Task directions:
Take the data below and write it out exactly, except for the pictures.

Dataset extract:
Start of Block

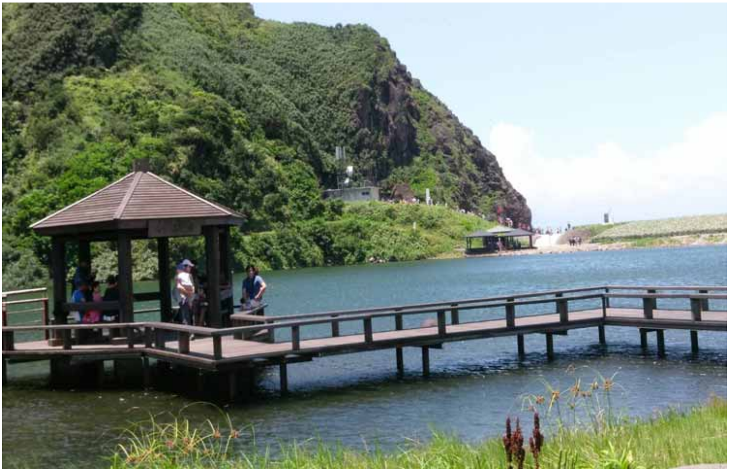
龜尾湖是島上最美的景點之一，沿著湖畔漫遊欣賞美麗的湖光山色
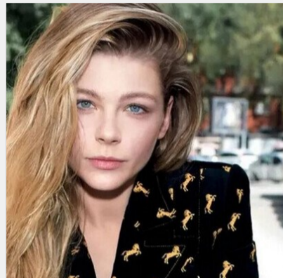
Або самогубство, або лікування: акторка Анастасія Пустовіт ..
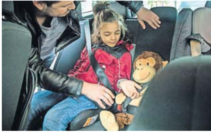
So fährt das Kind sicher im Auto mit – selbst das Kuscheltier ist angeschnallt.

Vor der Abfahrt sollte kontrolliert werden, dass die Kinder ordentlich angeschnallt sind. Passiert das nicht, besteht ein höheres Risiko im Falle eines Unfalls. Außerdem wichtig: Bevor es losgeht, sollte zusätzliches Equipment wie Taschen, Musikinstrumente und Sportklamotten sicher verstaut werden.

End of Block

Solution below:
龜尾湖是島上最美的景點之一，沿著湖畔漫遊欣賞美麗的湖光山色
Або самогубство, або лікування: акторка Анастасія Пустовіт ..
So fährt das Kind sicher im Auto mit – selbst das Kuscheltier ist angeschnallt.

Vor der Abfahrt sollte kontrolliert werden, dass die Kinder ordentlich angeschnallt sind. Passiert das nicht, besteht ein höheres Risiko im Falle eines Unfalls. Außerdem wichtig: Bevor es losgeht, sollte zusätzliches Equipment wie Taschen, Musikinstrumente und Sportklamotten sicher verstaut werden.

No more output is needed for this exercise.